Requirement: Retype each record below word for word, pictures excluded.
Top of Extracted records
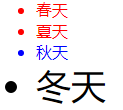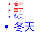 <ul> <li class="red">春天</li> <li class="red">夏天</li> <li class="blue">秋天</li> <li class="blue font35">冬天</li> </ul>
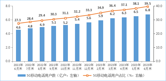 移動電話用戶穩(wěn)中有增,5G用戶規(guī)模加速擴大。截至6月末,三家基礎(chǔ)電信企業(yè)的移動電話用戶總數(shù)達17.1億戶,比上年末凈增2653萬戶。其中,5G移動電話用戶達6.76億戶,比上年末凈增1.15億戶,占移動電話用戶的39.5%,占比較上年末提高6.2個百分點。
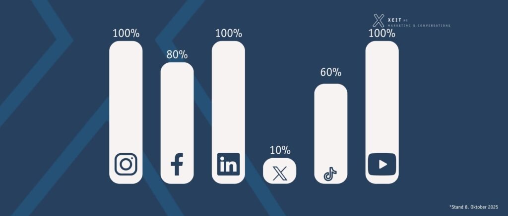 Unser Check zeigt: Die Mehrheit der untersuchten Unternehmen nutzt Social Media aktiv, allerdings mit klaren Unterschieden zwischen den Kanälen. Während einige Firmen Social Media als festen Bestandteil ihrer Kommunikationsstrategie einsetzen, bleiben andere noch zurückhaltend.
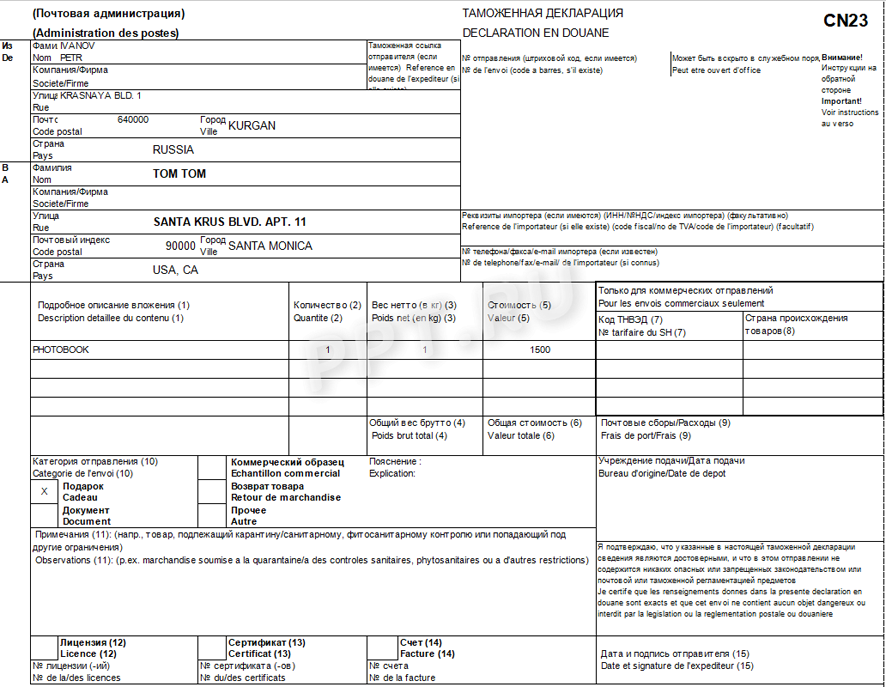 Для более быстрой пересылки форму заполняйте на английском языке. На оборотной стороне бланка есть подробная инструкция по его заполнению.
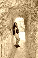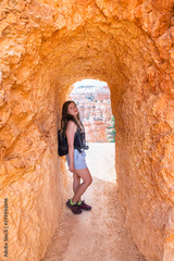 Young woman standing in desert landscape tunnel view in Bryce Canyon National Park on Navajo loop with sandstone rock on famous trail
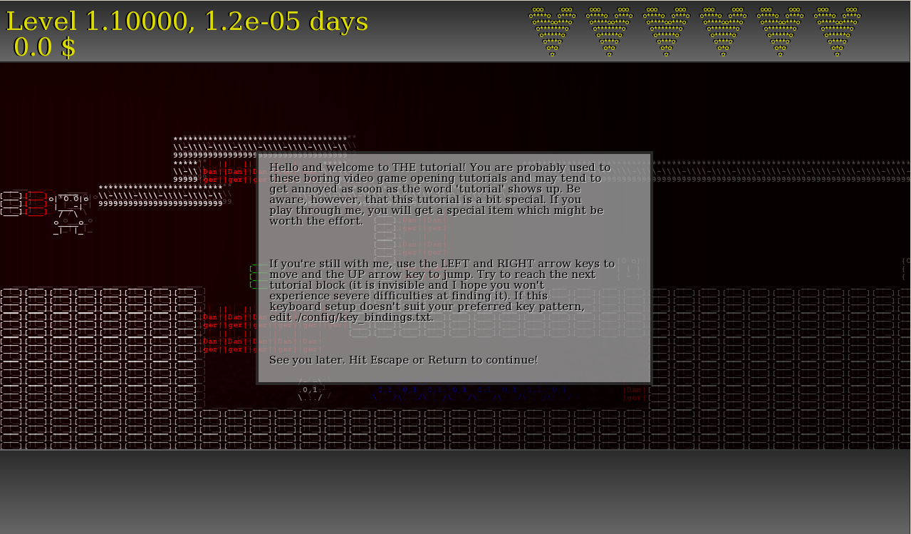Ein paar kosmetische Fixes sowie eine zusaetzliche Mauer im Tutoriallevel ( :-) ). Kurz: neu runterladen lohnt sich fuer Windows’ler nicht. Neu ist hingegen die experimentelle Linux-Unterstuetzung. Aktuell noch eher unkomfortabel, bitte den Build-Anweisungen im INSTALL-File folgen und bei Problemen Bescheid geben.
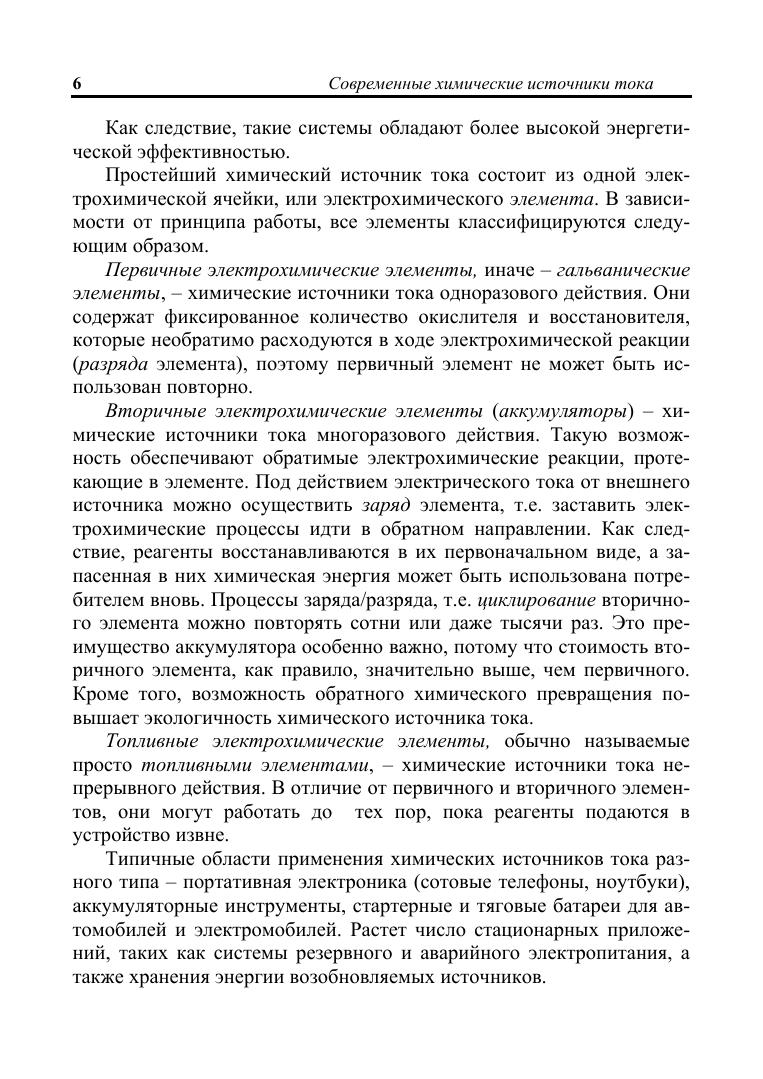 Представлены основы теории электрохимической энергоконверсии, а также описаны принципы работы, базовые конструкции и физико-химические особенности функционирования современных химических источников тока: солевых и щелочных гальванических элементов с цинковым или литиевым анодом, свинцово-кислотных, никельметаллогидридных, литий-ионных вторичных элементов и аккумуляторов для крупномасштабного хранения энергии, а также низко- и высокотемпературных топливных элементов. Книга адресована студентам, обучающимся по направлениям «Химия», «Химия, физика и механика материалов», «Фундаментальная и прикладная химия», «Химическая технология».
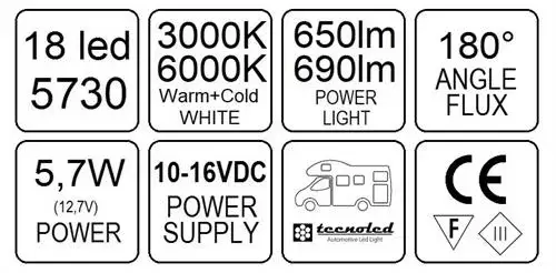 Plafon techo TecnoLed redondo 12v 18 Led de superficie caravana autocaravana camper
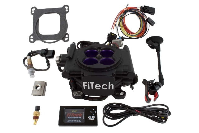 This Meanstreet EFI System Kit (Matte Black, 800 HP) has self-learning, an integrated ECU, (1) fan control, a handheld touch screen tuner, 250-600 HP, and (4) 80 lb injectors.
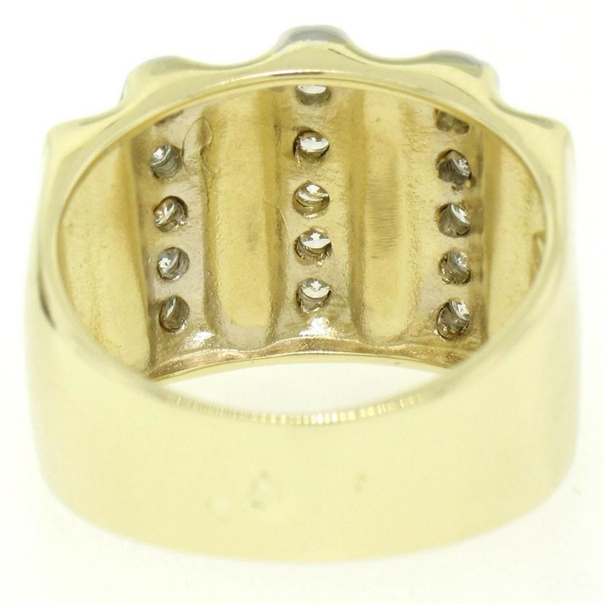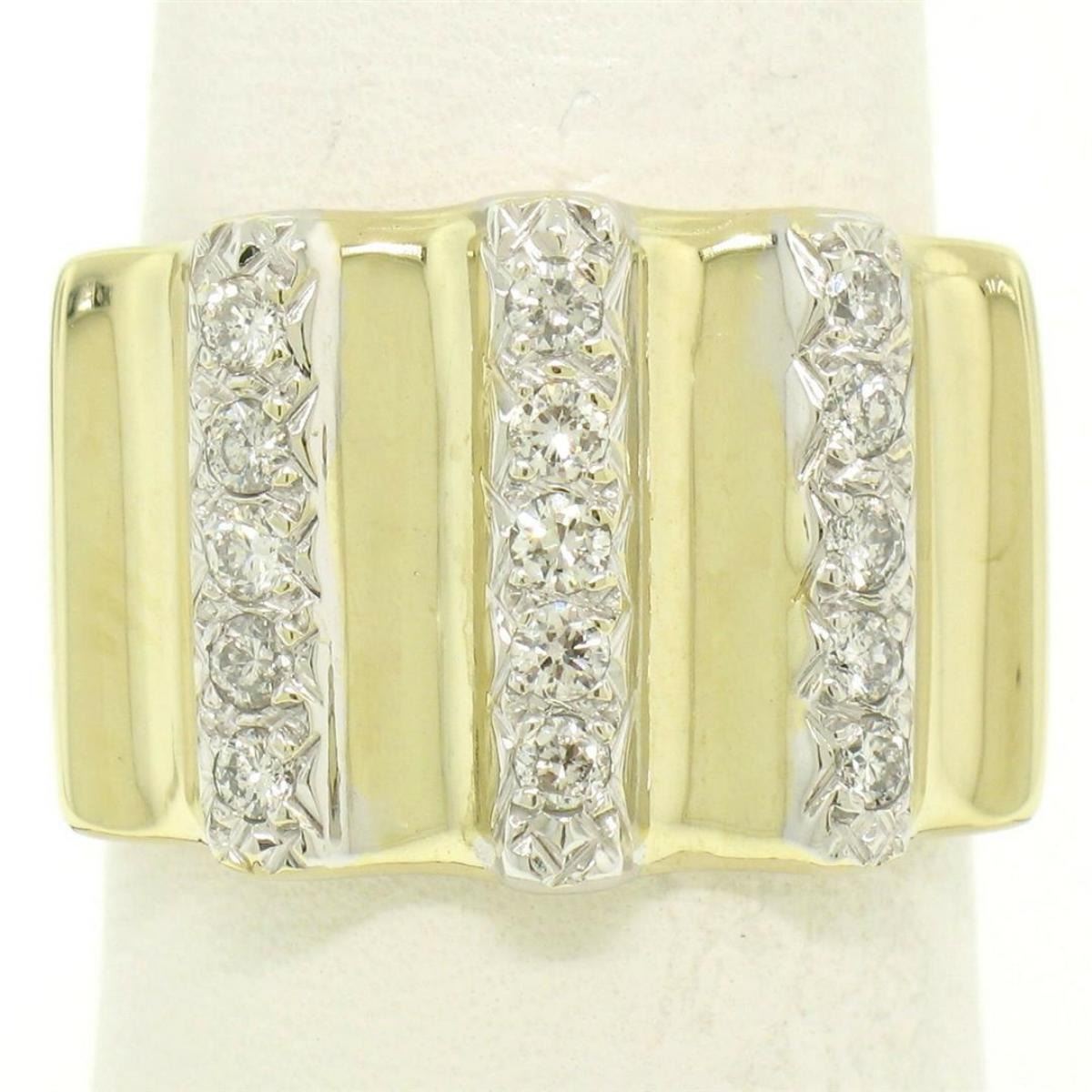 One Solid 14k Solid Yellow Gold Wide band ring with vertical grooved desgin. Measures 14.15mm wide and 3.6mm rise off the finger. 15 round diamonds total approx. 0.35ctw with VS1 clarity and G/H color. Weight is 9.20 grams.
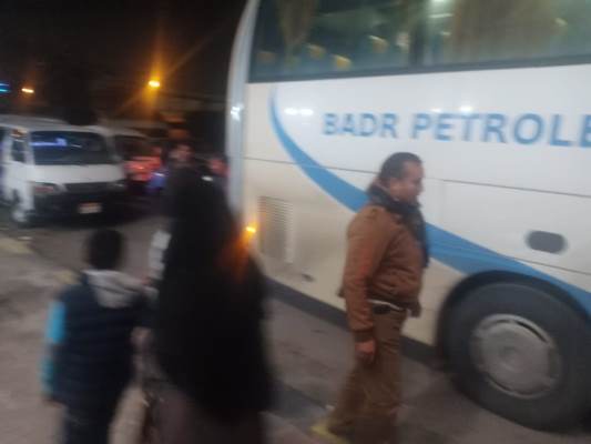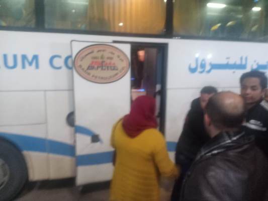 وصول اتوبيس العاملين فى ابسكو من حادث شرم الشيخ أمام مقر بدر الدين للبترول بمصر الجديدة وهم بصحة جيدة .
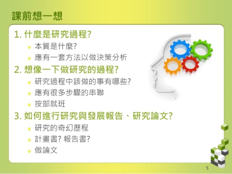 課前想一想 1. 什麼是研究過程? 本質是什麼? 應有一套方法以做決策分析 2. 想像一下做研究的過程? 研究過程中該做的事有哪些? 應有很多步驟的串聯 按部就班 3. 如何進行研究與發展報告、研究論文? 研究的奇幻歷程 計畫書? 報告書? 做論文 5
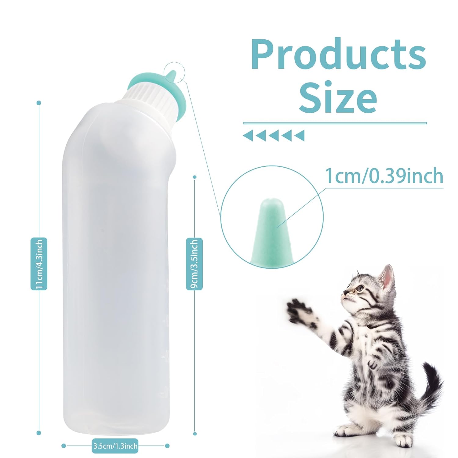 - 【Anti-Choking Design】:The curved neck of kitten bottle make easy to feeding puppy,kittens, and the style could facilitates a constant flow of milk into the teat, effectively reducing abdominal bloating from swallowing air while feeding.
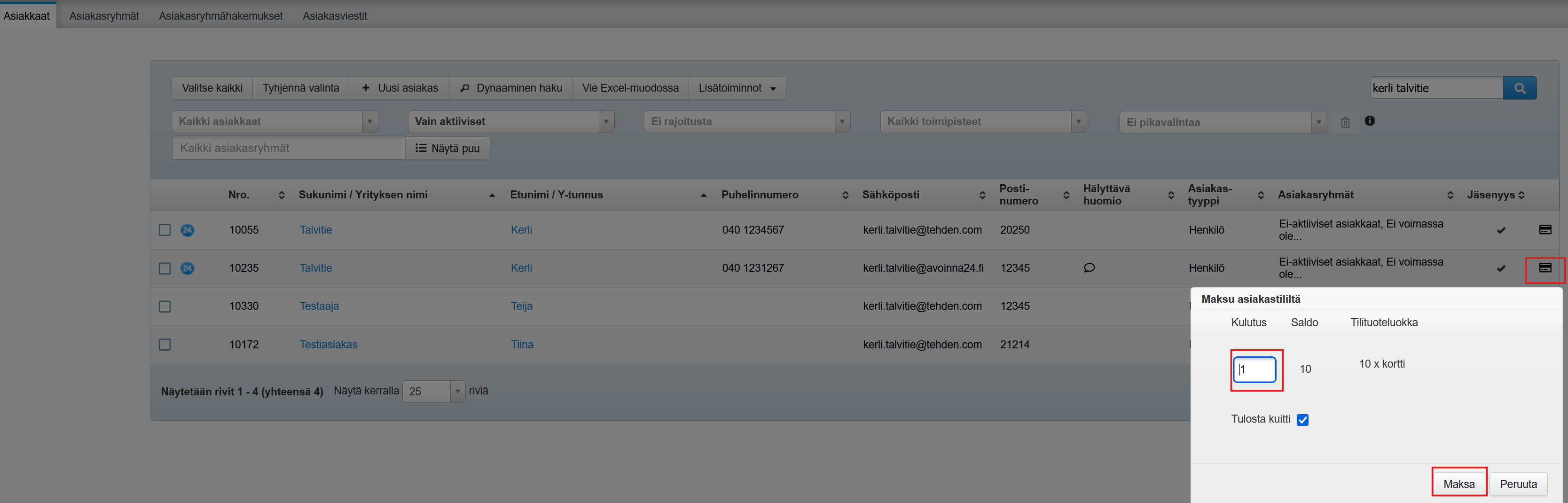 Maksu asiakastililtä sarja- tai kausikortilla
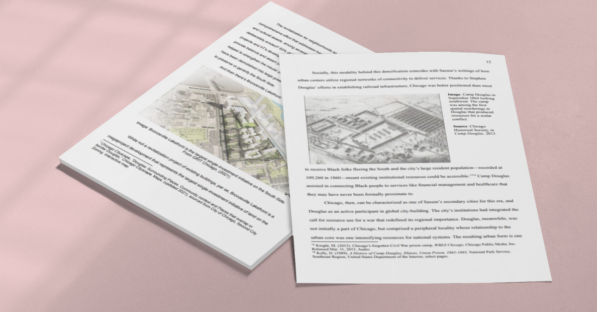 The analytical writing of these two essays deconstructs the Douglas, Chicago, Community Area, first by applying a Global Cities framework to the neighborhood, and second, by critiquing the existing institutional initiatives for its land use. Planning theory is the primary vehicle describing urban spatial form that explores the racialized political economy in Douglas. In the second essay, Black development is juxtaposed against institutionalized urban renewal, leading to a determination about community planning.
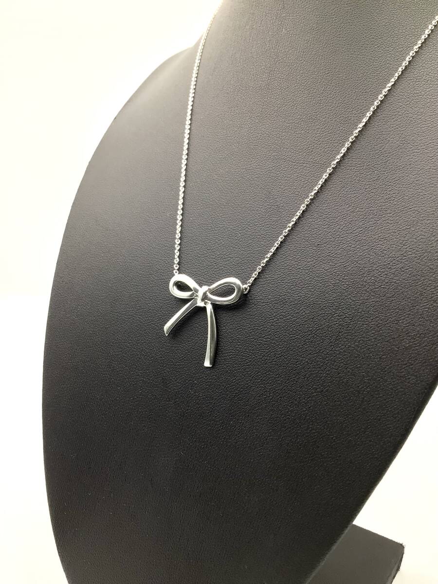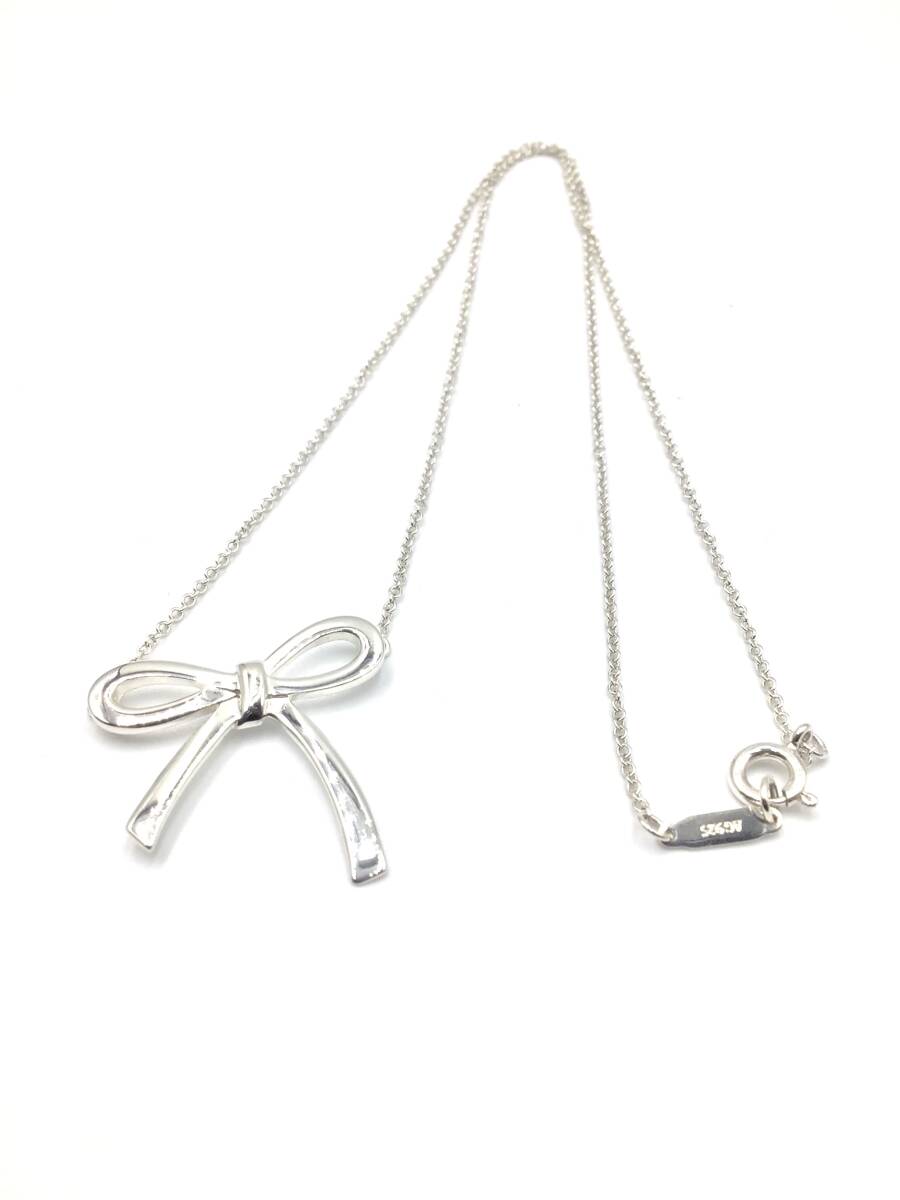 ご覧頂き有難う御座います。 トラブル防止の為、ご入札の前に必ず説明文等最後までお読みになりご理解の上入札宜しくお願い致します。 気持良く使って頂け為に、超音波洗浄・クリーニング・ 磨き・3DUV紫外線消毒99.9除菌をおこなっております。 アフターケアー用、クロス拭き1枚付(約7.5×7.5㎝)プレゼント 商品真贋鑑定済みでございますのでご安心してご購入下さい。 【ブランド】 TIFFANY&Co. ティファニー 【商品名】 ボウ リボンモチーフ SV925 シルバーネックレス 【カラー】 シルバー 【サイズ】 首回り約40㎝ トップ大きさ横約2.2㎝x縦最大約2.1㎝ 【重量】 約2.9g 【付属品】 なし 【管理番号】 31697 【商品状態】 :A 薄スレはありますが、まだまだ活躍していただける商品です。 N:新品/未使用品 S:新品同様綺麗な商品 SA:新品同様に近い美中古商品 A:薄傷、汚れが少ない、全体的に状態の良い商品 AB:多少の傷、汚れがみられる中古商品 B:傷汚れがみられる中古商品 BC:傷汚れが多くみられる中古商品 C:かなり傷汚れが多くみられる中古商品 E:難有/ジャンク扱い ◎お休みなども御座いますので、即発送希望の方は 自己紹介欄に記載いたしておりますので必ず御覧確認下さい。 | ||
Bottom of Extracted records
Reply:
 <ul> <li class="red">春天</li> <li class="red">夏天</li> <li class="blue">秋天</li> <li class="blue font35">冬天</li> </ul>
 移動電話用戶穩(wěn)中有增,5G用戶規(guī)模加速擴大。截至6月末,三家基礎(chǔ)電信企業(yè)的移動電話用戶總數(shù)達17.1億戶,比上年末凈增2653萬戶。其中,5G移動電話用戶達6.76億戶,比上年末凈增1.15億戶,占移動電話用戶的39.5%,占比較上年末提高6.2個百分點。
 Unser Check zeigt: Die Mehrheit der untersuchten Unternehmen nutzt Social Media aktiv, allerdings mit klaren Unterschieden zwischen den Kanälen. Während einige Firmen Social Media als festen Bestandteil ihrer Kommunikationsstrategie einsetzen, bleiben andere noch zurückhaltend.
 Для более быстрой пересылки форму заполняйте на английском языке. На оборотной стороне бланка есть подробная инструкция по его заполнению.
 Young woman standing in desert landscape tunnel view in Bryce Canyon National Park on Navajo loop with sandstone rock on famous trail
Ein paar kosmetische Fixes sowie eine zusaetzliche Mauer im Tutoriallevel ( :-) ). Kurz: neu runterladen lohnt sich fuer Windows’ler nicht. Neu ist hingegen die experimentelle Linux-Unterstuetzung. Aktuell noch eher unkomfortabel, bitte den Build-Anweisungen im INSTALL-File folgen und bei Problemen Bescheid geben.
 Представлены основы теории электрохимической энергоконверсии, а также описаны принципы работы, базовые конструкции и физико-химические особенности функционирования современных химических источников тока: солевых и щелочных гальванических элементов с цинковым или литиевым анодом, свинцово-кислотных, никельметаллогидридных, литий-ионных вторичных элементов и аккумуляторов для крупномасштабного хранения энергии, а также низко- и высокотемпературных топливных элементов. Книга адресована студентам, обучающимся по направлениям «Химия», «Химия, физика и механика материалов», «Фундаментальная и прикладная химия», «Химическая технология».
 Plafon techo TecnoLed redondo 12v 18 Led de superficie caravana autocaravana camper
 This Meanstreet EFI System Kit (Matte Black, 800 HP) has self-learning, an integrated ECU, (1) fan control, a handheld touch screen tuner, 250-600 HP, and (4) 80 lb injectors.
 One Solid 14k Solid Yellow Gold Wide band ring with vertical grooved desgin. Measures 14.15mm wide and 3.6mm rise off the finger. 15 round diamonds total approx. 0.35ctw with VS1 clarity and G/H color. Weight is 9.20 grams.
 وصول اتوبيس العاملين فى ابسكو من حادث شرم الشيخ أمام مقر بدر الدين للبترول بمصر الجديدة وهم بصحة جيدة .
 課前想一想 1. 什麼是研究過程? 本質是什麼? 應有一套方法以做決策分析 2. 想像一下做研究的過程? 研究過程中該做的事有哪些? 應有很多步驟的串聯 按部就班 3. 如何進行研究與發展報告、研究論文? 研究的奇幻歷程 計畫書? 報告書? 做論文 5
 - 【Anti-Choking Design】:The curved neck of kitten bottle make easy to feeding puppy,kittens, and the style could facilitates a constant flow of milk into the teat, effectively reducing abdominal bloating from swallowing air while feeding.
 Maksu asiakastililtä sarja- tai kausikortilla
 The analytical writing of these two essays deconstructs the Douglas, Chicago, Community Area, first by applying a Global Cities framework to the neighborhood, and second, by critiquing the existing institutional initiatives for its land use. Planning theory is the primary vehicle describing urban spatial form that explores the racialized political economy in Douglas. In the second essay, Black development is juxtaposed against institutionalized urban renewal, leading to a determination about community planning.
 ご覧頂き有難う御座います。 トラブル防止の為、ご入札の前に必ず説明文等最後までお読みになりご理解の上入札宜しくお願い致します。 気持良く使って頂け為に、超音波洗浄・クリーニング・ 磨き・3DUV紫外線消毒99.9除菌をおこなっております。 アフターケアー用、クロス拭き1枚付(約7.5×7.5㎝)プレゼント 商品真贋鑑定済みでございますのでご安心してご購入下さい。 【ブランド】 TIFFANY&Co. ティファニー 【商品名】 ボウ リボンモチーフ SV925 シルバーネックレス 【カラー】 シルバー 【サイズ】 首回り約40㎝ トップ大きさ横約2.2㎝x縦最大約2.1㎝ 【重量】 約2.9g 【付属品】 なし 【管理番号】 31697 【商品状態】 :A 薄スレはありますが、まだまだ活躍していただける商品です。 N:新品/未使用品 S:新品同様綺麗な商品 SA:新品同様に近い美中古商品 A:薄傷、汚れが少ない、全体的に状態の良い商品 AB:多少の傷、汚れがみられる中古商品 B:傷汚れがみられる中古商品 BC:傷汚れが多くみられる中古商品 C:かなり傷汚れが多くみられる中古商品 E:難有/ジャンク扱い ◎お休みなども御座いますので、即発送希望の方は 自己紹介欄に記載いたしておりますので必ず御覧確認下さい。 | ||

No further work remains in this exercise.